Талант висит на волоске

– Возвращаясь к политике: правда, что год назад вы набили морду коллеге Дмитрию Ольшанскому за позицию по Украине?

– Да, мы взаимно... Понимаете, если человек хочет выступить за Малороссию, надо брать оружие и туда ехать. А агитировать, сидя в Москве, или ездить туда под охраной в бронежилете с надписью «Пресса» – это, на мой взгляд, нехорошо. Непорядочно. Об ополченцах я никогда ничего плохого не писал, у меня несколько знакомых там погибли, против них я ничего не имею. Если у тебя такая позиция – езжай туда. Но есть люди, которые подстрекают других, а сами сидят в комфорте, попивая винцо. А кто-то сражается, гибнет, возвращается без рук и ног...

– Сильно украинская история разделила писательское сообщество?

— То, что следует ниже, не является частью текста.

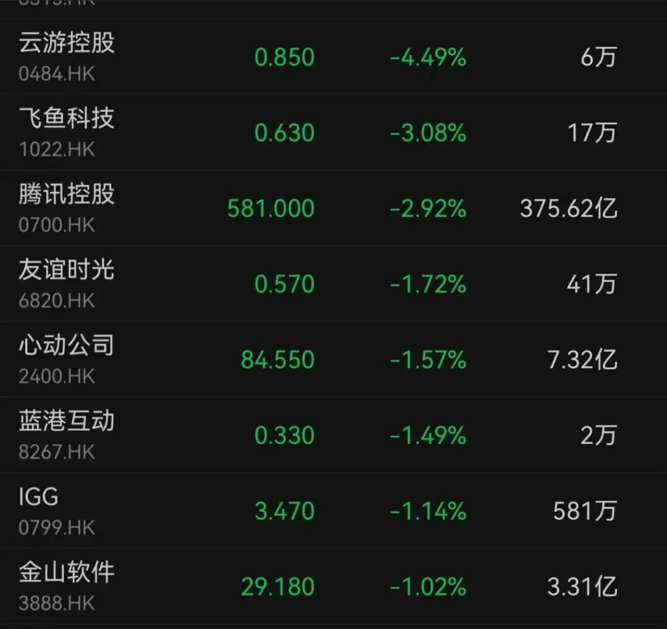 受此消息影响,港股科网股今日跌势靠前,恒生科技指数盘中一度跌近4%,截至收盘,跌幅收窄。手机游戏板块同样承压。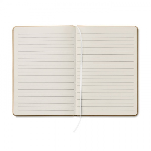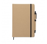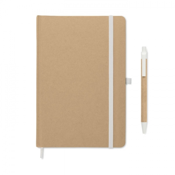 Zápisník A5 s obalom z tvrdého recyklovaného kartónu. 160 linajkových strán (80 listov recyklovaného papiera). Elastický remienok a pútko na pero, záložka so stuhou. Guľôčkové pero s telom z recyklovaného papiera. Modrá náplň.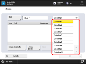 Jos rekisteröit ryhmän Osoitekirja-näytöstä, tätä vaihetta ei vaadita. Siirry vaiheeseen
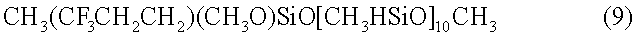 Пример 9. Перегруппировка метилтрифторпропилдиметоксисилана с олигометилгидридсилоксаном при мольном соотношении реагентов соответственно 1:10 и температуре 90°С.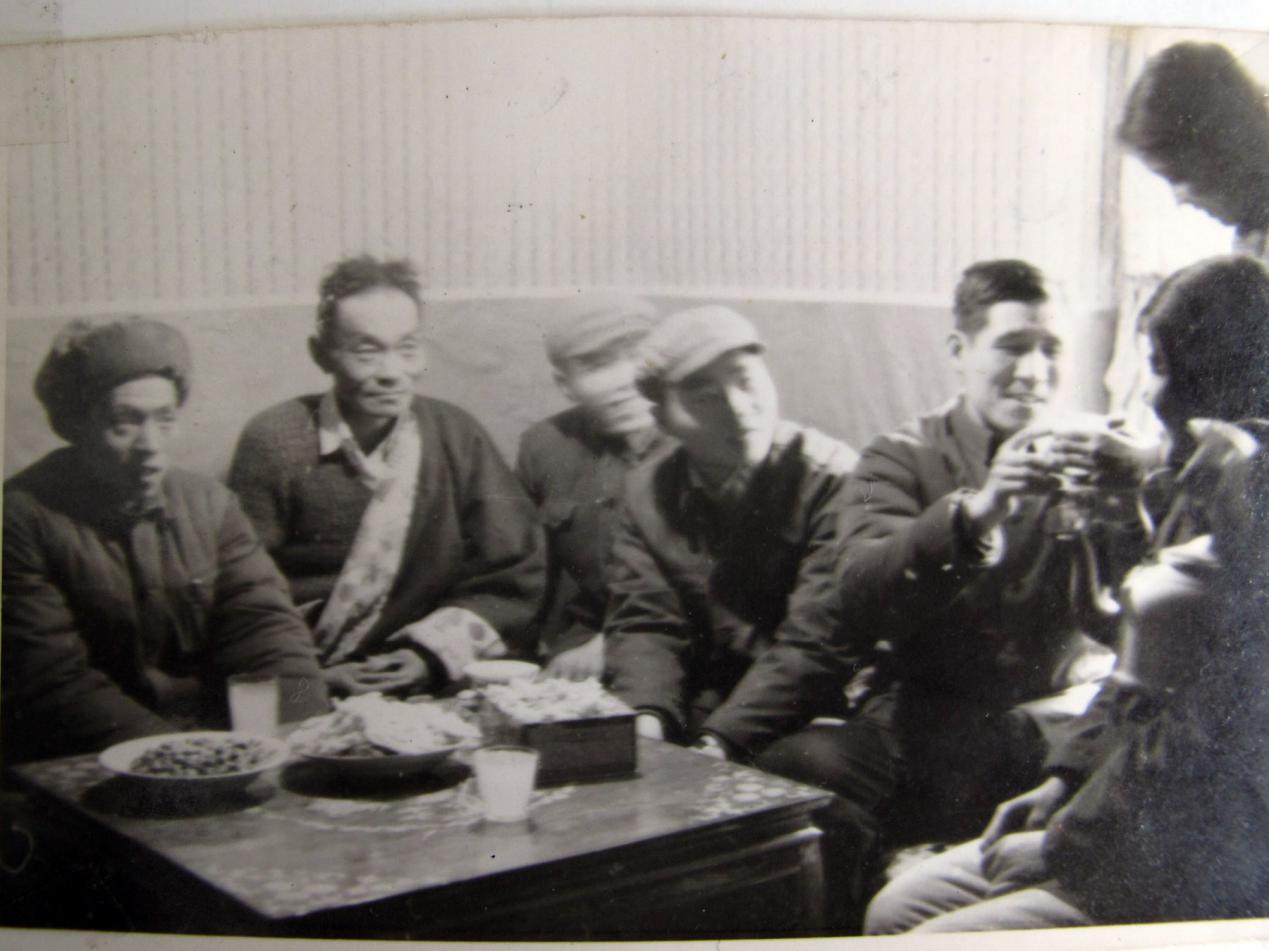 我们应邀在藏族老师次旦卓嘎家中作客,藏族老师向我们敬青稞酒。其中左1是复旦大学的华宣积,左3是交通大学的张汉正,左4是王仁义,正在接酒的是徐剑清。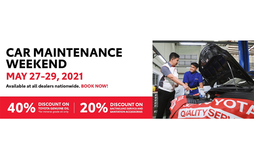 Toyota owners are in for a treat this May 27 to 29, 2021 as Toyota Motor Philippines (TMP) announces its Car Maintenance Weekend in all Toyota dealers and service centers nationwide.

– Сильно. Причем всё в каких-то нюансах, полутонах... Те, кто лет пять назад были друзьями, сегодня в лучшем случае здороваются. А то и не здороваются. Я думаю, что все-таки литератору лучше пытаться осмыслить это все в художественной форме. Уходить в публицистику, в агитацию – неправильно. Наши поэты и писатели в свое время брали оружие и шли в ополчение. Это – самое честное.

– В «Искушении» вы писали о страхе «сидеть сутками за столом и понимать – пустота». Насколько вы уверены в себе сегодня как писатель?

– Когда чувствуешь себя уверенно, сразу пропадает мотивация. Погружаешься в какой-то полусон. Хорошо, что иногда что-то меня выталкивает в реальную жизнь... Писателю быть уверенным в себе невозможно – все, с кем я говорил, считают, что их талант, их способность писать висит на волоске, в любой момент какая-то сила может волосок отчикать – и способность куда-то улетит. По-моему, это правильное чувство. Мы знаем писателей, которые не могут двух слов связать, хотя вроде живут, размышляют, болтают, а как надо написать что-то – не могут.

– Вы в молодости пели в панк-группе, и до сих пор иногда возвращаетесь к музыке...

– Писатели моего поколения многие музицировали: и Герман Садулаев, и Захар Прилепин, и Михаил Елизаров.

– Панк – все-таки музыка бунта. Вы все еще бунтарь – или, как многие, успокоились?

– Панк бывает разный. Не знаю... Мне кажется, я и своими рассказами бунтую. Какой-то глобальный неустрой в душе сохраняется, скребет. Требует выразить себя...

Справка «ДД»:

Роман Валерьевич Сенчин родился 2 декабря 1971 года в Кызыле. В начале 1990-х жил в Абакане и Минусинске, был рабочим сцены, дворником, грузчиком. В 1995–1996 года у него появляются первые публикации.

Учился в Литературном институте (1996–2001). Постоянный автор журналов «Октябрь», «Дружба народов», «Новый мир», «Знамя», «Урал», «Аврора». Автор романов «Минус», «Нубук», «Елтышевы», «Информация», «Зона затопления», многих рассказов.

В 2009 году «Елтышевы» входят в шорт-листы премий «Большая книга», «Русский Букер», «Ясная Поляна», «Национальный бестселлер». Роман «Зона затопления» получил третью премию «Большая книга» (2015).